▶ [SUPPLIED MATERIAL]
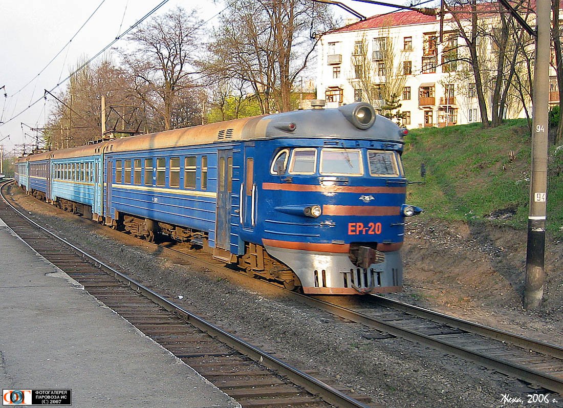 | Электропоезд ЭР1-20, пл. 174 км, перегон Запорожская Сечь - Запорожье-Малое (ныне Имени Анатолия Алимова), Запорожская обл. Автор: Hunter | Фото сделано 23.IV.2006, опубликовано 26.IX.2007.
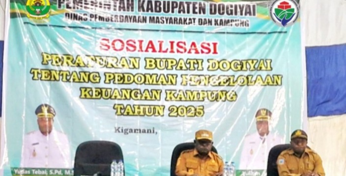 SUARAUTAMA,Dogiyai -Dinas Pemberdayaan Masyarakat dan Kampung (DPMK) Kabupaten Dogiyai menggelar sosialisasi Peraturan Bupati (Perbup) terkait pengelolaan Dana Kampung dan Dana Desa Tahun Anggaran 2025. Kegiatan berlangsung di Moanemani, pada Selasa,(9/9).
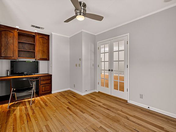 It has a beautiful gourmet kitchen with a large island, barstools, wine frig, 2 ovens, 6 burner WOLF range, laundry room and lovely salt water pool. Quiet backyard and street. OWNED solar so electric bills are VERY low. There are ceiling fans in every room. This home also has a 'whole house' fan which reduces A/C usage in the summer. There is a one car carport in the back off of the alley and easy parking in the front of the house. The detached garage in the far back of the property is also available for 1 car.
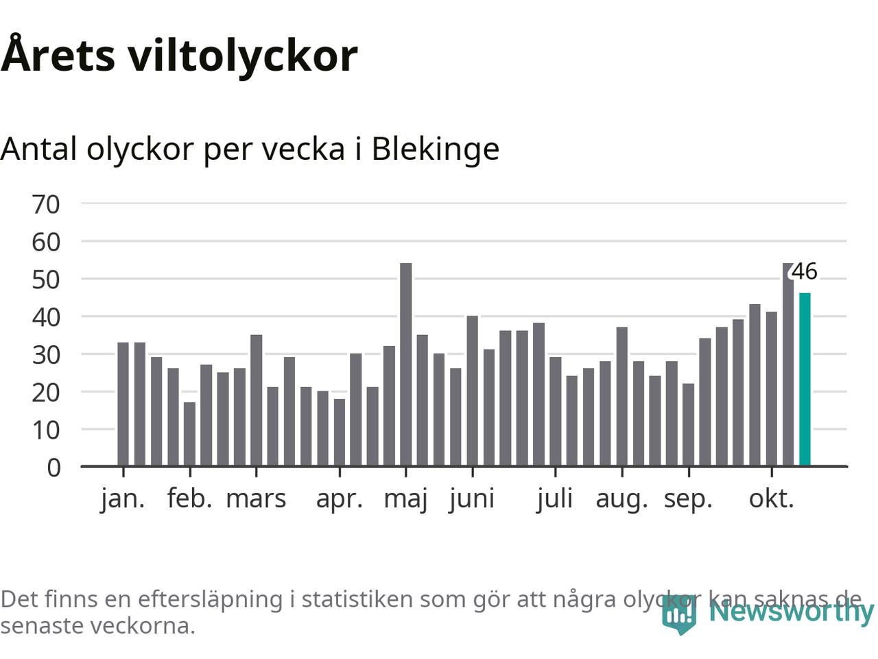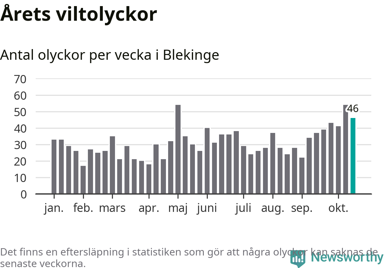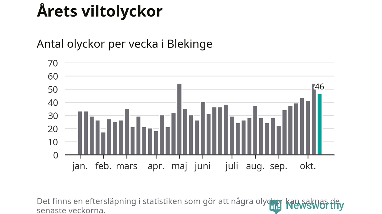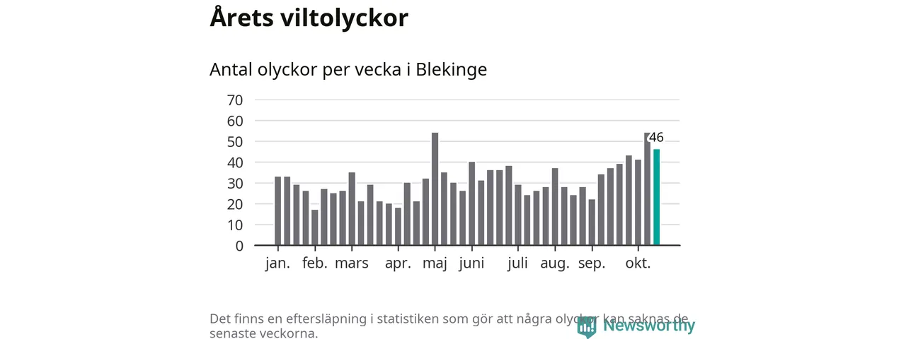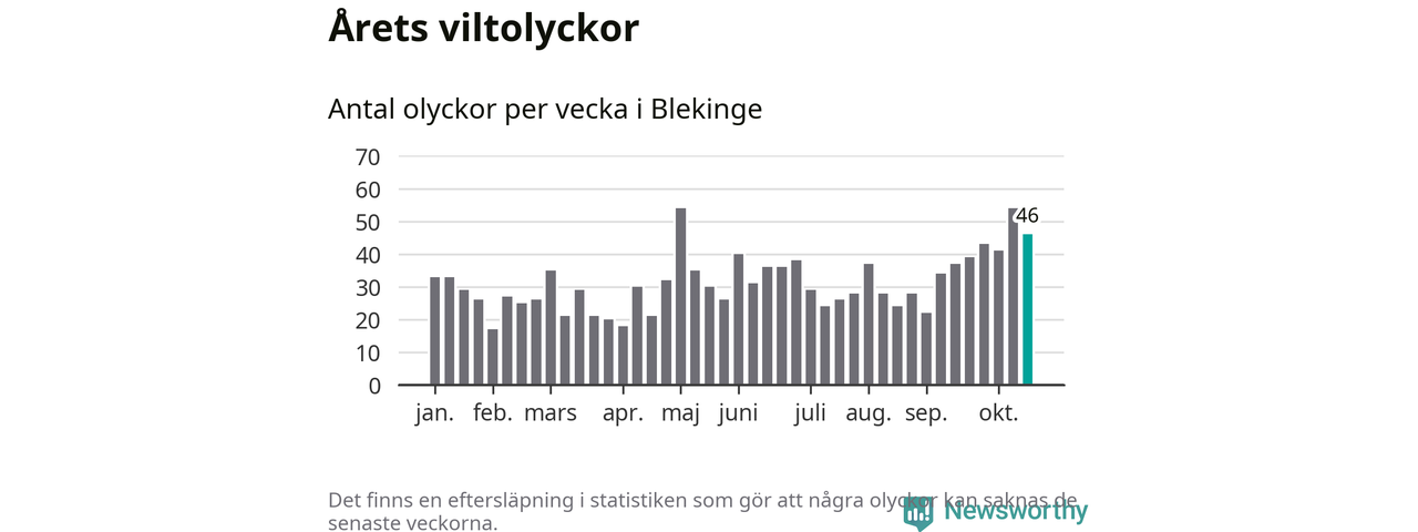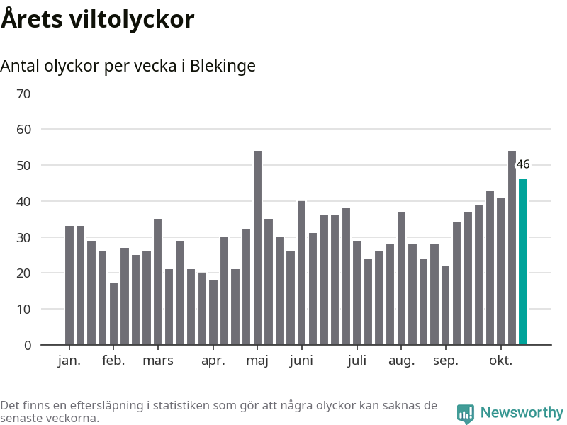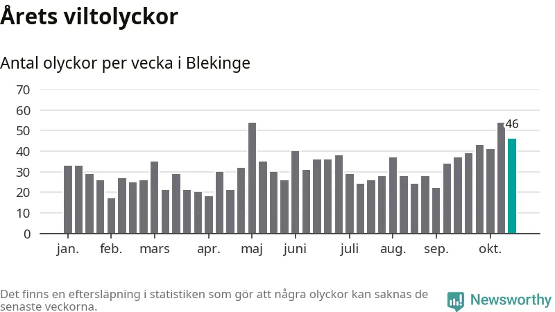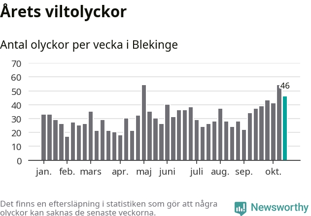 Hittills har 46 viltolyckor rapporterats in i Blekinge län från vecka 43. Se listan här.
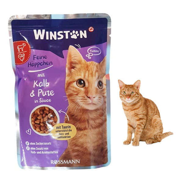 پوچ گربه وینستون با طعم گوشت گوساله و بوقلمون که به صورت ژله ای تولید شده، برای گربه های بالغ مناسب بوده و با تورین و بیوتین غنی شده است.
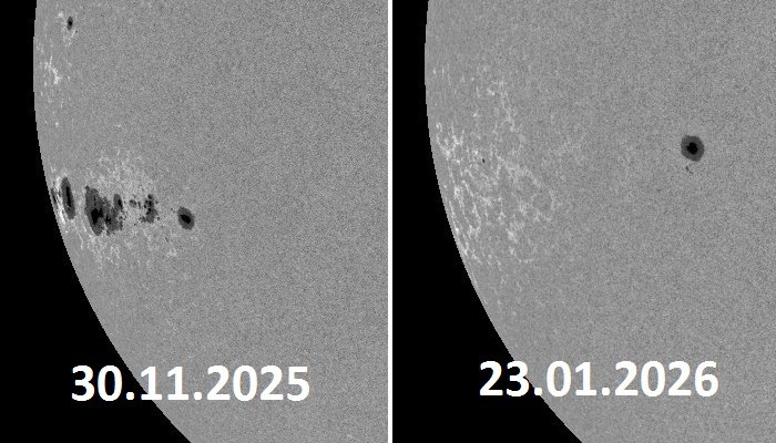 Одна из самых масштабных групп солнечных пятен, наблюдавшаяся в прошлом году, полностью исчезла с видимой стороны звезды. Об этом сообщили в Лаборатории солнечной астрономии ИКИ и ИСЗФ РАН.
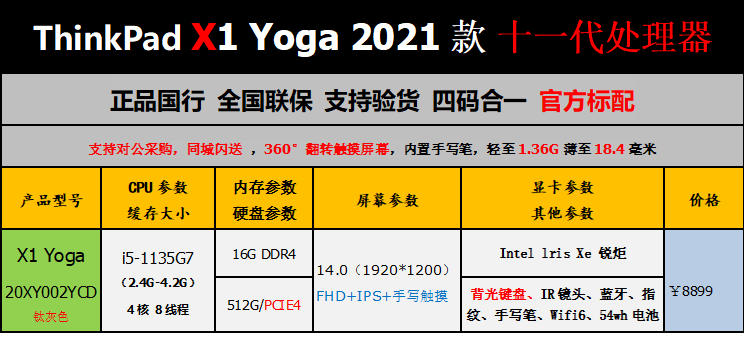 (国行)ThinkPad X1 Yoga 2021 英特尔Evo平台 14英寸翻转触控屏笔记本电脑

▶ [DESCRIPTION OF THE TASK] Copy every record above exactly, leaving out any pictures.

▶ [ANSWER TO THIS PROBLEM]
 | Электропоезд ЭР1-20, пл. 174 км, перегон Запорожская Сечь - Запорожье-Малое (ныне Имени Анатолия Алимова), Запорожская обл. Автор: Hunter | Фото сделано 23.IV.2006, опубликовано 26.IX.2007.
 SUARAUTAMA,Dogiyai -Dinas Pemberdayaan Masyarakat dan Kampung (DPMK) Kabupaten Dogiyai menggelar sosialisasi Peraturan Bupati (Perbup) terkait pengelolaan Dana Kampung dan Dana Desa Tahun Anggaran 2025. Kegiatan berlangsung di Moanemani, pada Selasa,(9/9).
 It has a beautiful gourmet kitchen with a large island, barstools, wine frig, 2 ovens, 6 burner WOLF range, laundry room and lovely salt water pool. Quiet backyard and street. OWNED solar so electric bills are VERY low. There are ceiling fans in every room. This home also has a 'whole house' fan which reduces A/C usage in the summer. There is a one car carport in the back off of the alley and easy parking in the front of the house. The detached garage in the far back of the property is also available for 1 car.
 Hittills har 46 viltolyckor rapporterats in i Blekinge län från vecka 43. Se listan här.
 پوچ گربه وینستون با طعم گوشت گوساله و بوقلمون که به صورت ژله ای تولید شده، برای گربه های بالغ مناسب بوده و با تورین و بیوتین غنی شده است.
 Одна из самых масштабных групп солнечных пятен, наблюдавшаяся в прошлом году, полностью исчезла с видимой стороны звезды. Об этом сообщили в Лаборатории солнечной астрономии ИКИ и ИСЗФ РАН.
 (国行)ThinkPad X1 Yoga 2021 英特尔Evo平台 14英寸翻转触控屏笔记本电脑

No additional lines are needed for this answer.